Next, the relationship between the inductor bridge 101 and the metal body 2 when an external force causing bending to the inductor bridge 101 is applied will be described with reference to the drawings. FIG. 5A is a partial cross-sectional view showing the relationship between the inductor bridge 101 and the metal body 2 before bending, and FIG. 5B shows the relationship between the inductor bridge 101 and the metal body 2 in a bent state. It is a fragmentary sectional view shown.

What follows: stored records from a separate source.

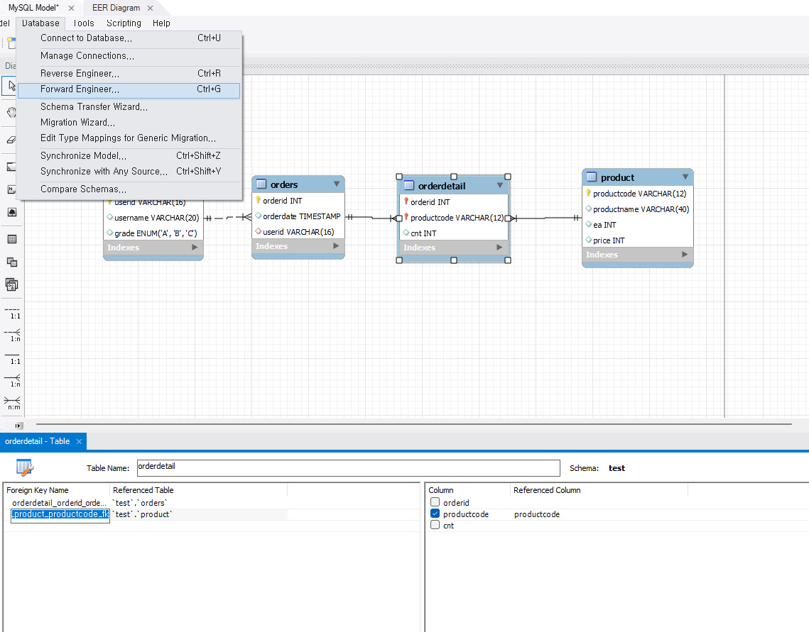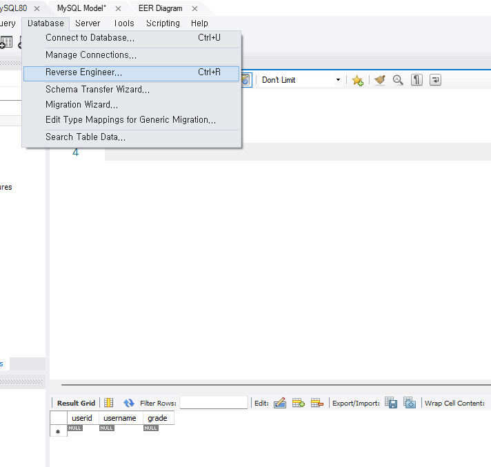 - reverse는 테이블을 ER 다이어그램으로
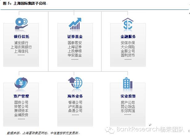 地方国企改革给部分股份行完善金控平台布局的机会,最为典型的是浦发银行。2015年初,股东上海国际集团将上海信托的信托资产、国利货币、上投摩根基金三块金融牌照类业务托管给浦发银行,接下来,浦发收购了上海国际信托的信托资产,至此上海金融国资改革的路径渐渐明晰。浦发银行作为业务对接最广泛的金融机构(相对券商与保险),有望成为上海非保险非券商金融资源的整合平台,预计在上海信托整合完毕后还将有一系列资本整合动作,公司作为金控平台,业务结构将产生显著变化。尤其是其寄予厚望的资管业务,有望得到信托、公募基金甚至创投基金资产的注入,从而以外延扩张的形式改善此前以对公业务为主的业务形态。除浦发以外,各银行均试图将触角延伸到其他金融领域,兴业与交行甚至通过子公司持股率先持有了券商牌照,未来国有金融资本的整合中,与各行业均有一定互补性的商业银行有望成为整合核心。
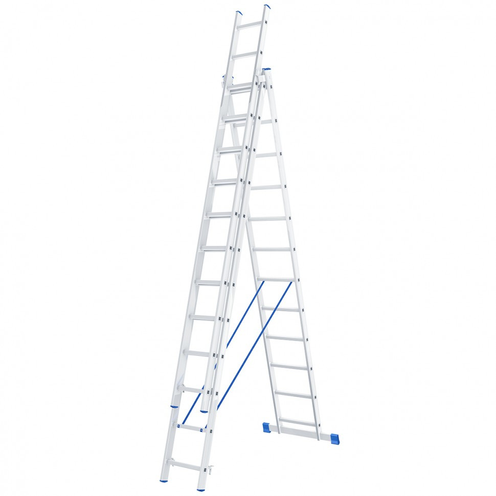 Лестница, 3 х 12 ступеней, алюминиевая, трехсекционная, Сибртех
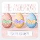 Deséenle a todos una feliz Pascua con este personalizable familiar llamado pegatinas de Pascua. Diseñado con tres huevos de Pascua y puede ser personalizado con cualquier texto que desee. Hace de un gran pegatina para la parte trasera un sobre de Pascua o una etiqueta para un regalo.
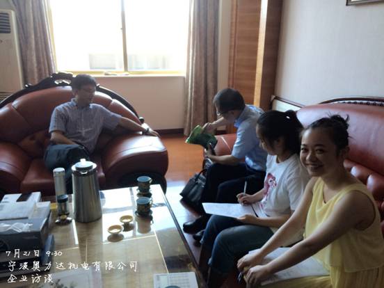 7月21日上午,暗网 暑期社会实践小分队——“自主创新 甬企可嘉”波大小超人分队来到了位于北仑大碶街道的宁波奥力达机电有限公司,并采访了这家企业的董事长李董。
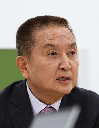 김현기 의장이 불출마 입장을 밝힌 후 기자들의 질문을 듣고 있다./미디어태희
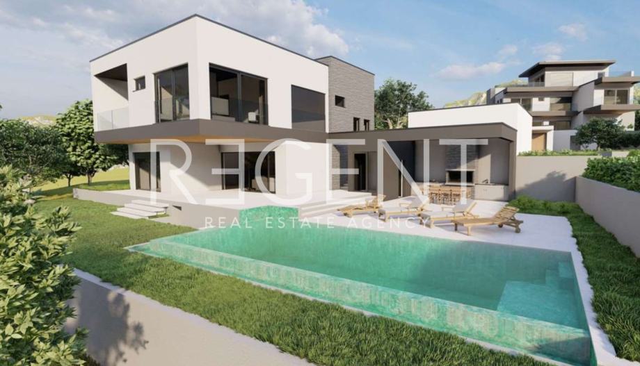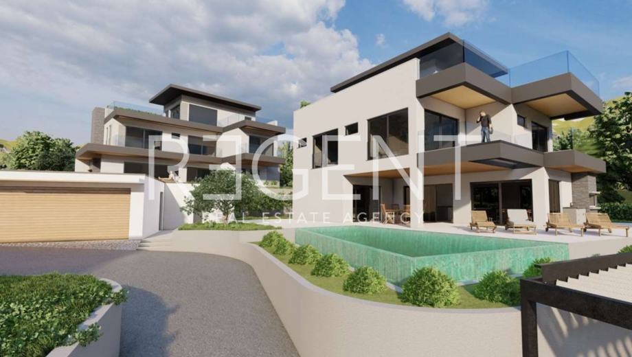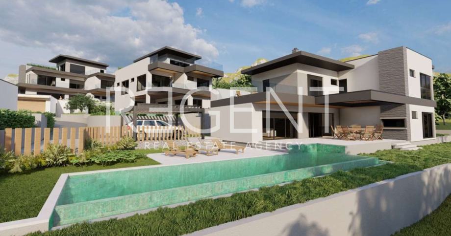 U Podstrani nedaleko Splita smjestilo se luksuzno stambeno naselje koje se sastoji od ukupno 4 vile: ”Olive Residence”, ”Fig Residence”, ”Vila Badem” i ”Vila Smokva” – ukupne površine 3.081 m2. Vila u luksuznom naselju ukupne stambene površine 290 m2, na tri etaže.Sastoji se od: PRIZEMLJA u kojem se nalazi: kuhinja, open space dnevni boravak s blagovaonicom, hodnik, ostava, WC, praonica/vešeraj i dvije natkrivene terase.KAT: tri spavaće sobe, tri kupaonice i dva balkona.2.KAT: master spavaća soba s kupaonicom i saunom, te dvije terase.Vila sadrži i veliki bazen (45 m2), vanjsku kuhinju, dva parkirna mjesta, 107 m2 popločane površine, te 236 m2 zelene površine. Površina zemljišta je 605 m2.Trenutno se nalaze u fazi izgradnje, a završetak izgradnje vila planiran je do kraja 2024. godine.Stambeno naselje nalazi se u Podstrani s pogledom prema moru i Splitu.Okolica naselja je izgrađena stambenim kućama, novim vilama i neizgrađenim zelenim površinama (pretežno maslinici i voćnjaci).Za više informacija, kontaktirajte našeg agenta na brojeve telefona:
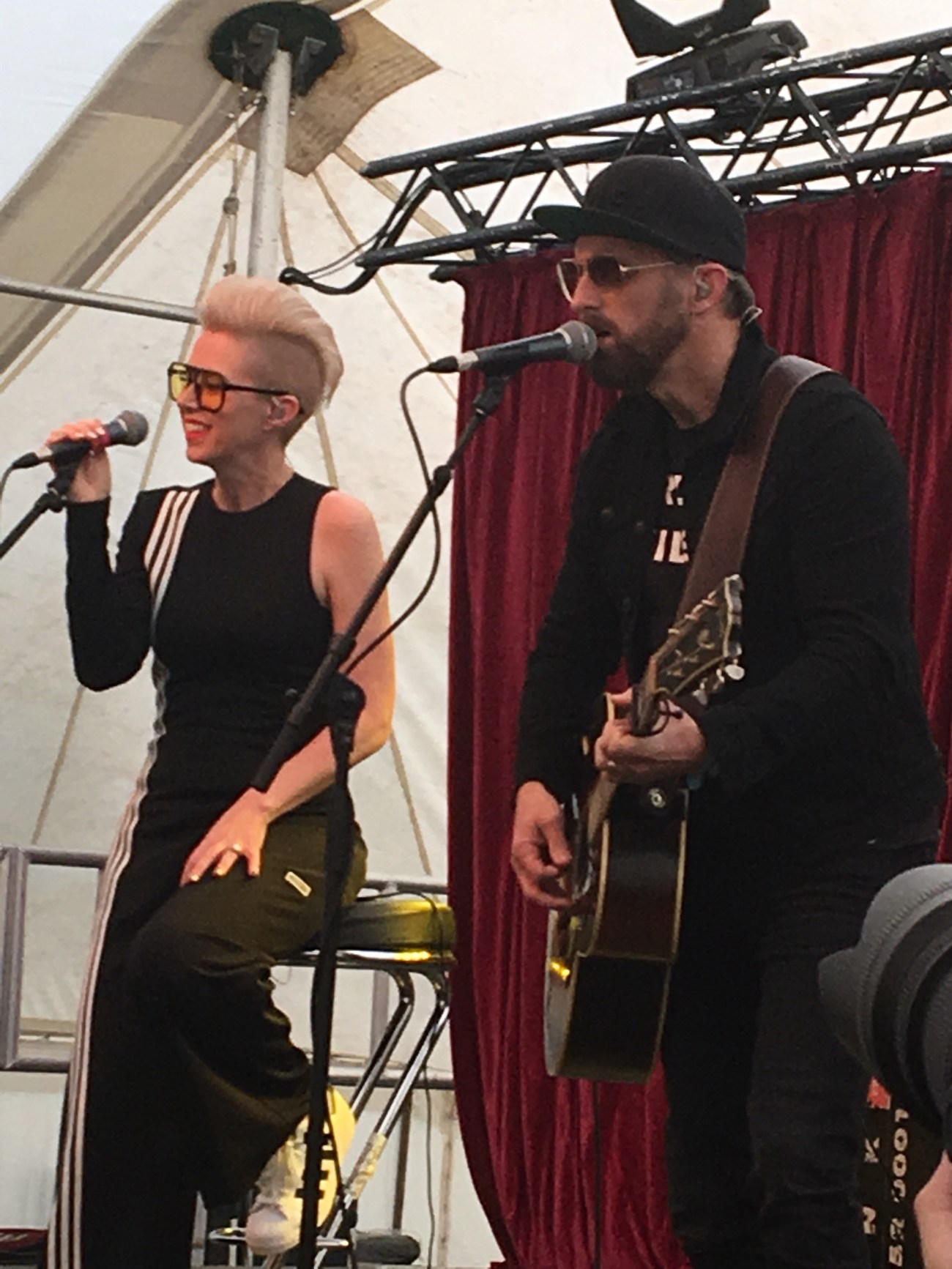 Thompson Square played the Interstate Stage at The Long Road and were put on way too early at 11.50 on the Sunday. Probably having more awards than the rest of the acts playing combined (as discussed by myself and James at Lyric Magazine) we were shocked they weren’t given main stage and at a much more prime time. Lesson learned I am sure. At first, upon arrival the tent was empty apart from about ten people, this also raised our concerns with timings. However, as soon as Thompson Square arrived, the tent filled up rather quickly. Even Keifer said he was worried for a bit. Hey, I made front row so I was pleased.

As shown in FIG. 5B, the inductor bridge 101 is bent in an L shape (with the first main surface VS1 side inward) along the longitudinal direction of the insulating base material 10. At this time, the second main surface VS2 side is deformed to be pulled by the bending displacement of the insulating base material 10, and the first main surface VS1 side is deformed to be compressed. Along with the tensile deformation on the second main surface VS2 side, the large-diameter loop conductor 32 positioned closer to the second main surface VS2 in the Z-axis direction extends toward both ends of the insulating base 10 in the longitudinal direction. Displacement (see hollow arrow DF2 in FIG. 5B). Further, along with the compressive deformation on the first main surface VS1 side, the small-diameter loop conductor 31 located closer to the first main surface VS1 in the Z-axis direction is displaced so as to contract (the hollow arrow DF1 in FIG. 5B). reference).

Therefore, even when the insulating substrate 10 is bent as shown in FIG. 5B, the small-diameter loop conductor 31 and the large-diameter loop conductor 32 do not overlap when viewed from the Z-axis direction (between surfaces). Therefore, the amount of change in the interlayer capacitance between the small-diameter loop conductor 31 and the large-diameter loop conductor 32 is small.

In the present invention, as shown in FIG. 5B, another loop conductor (large diameter loop conductor 32) having a relatively large conductor area is separated from the metal body 2 more than the small diameter loop conductor 31. Placed in a different position. Therefore, even when the inductor bridge 101 is bent and another loop conductor having a large conductor area (large diameter loop conductor 32) is deformed, the amount of change in the stray capacitance between the conical coil 3 and the metal body 2 is small. .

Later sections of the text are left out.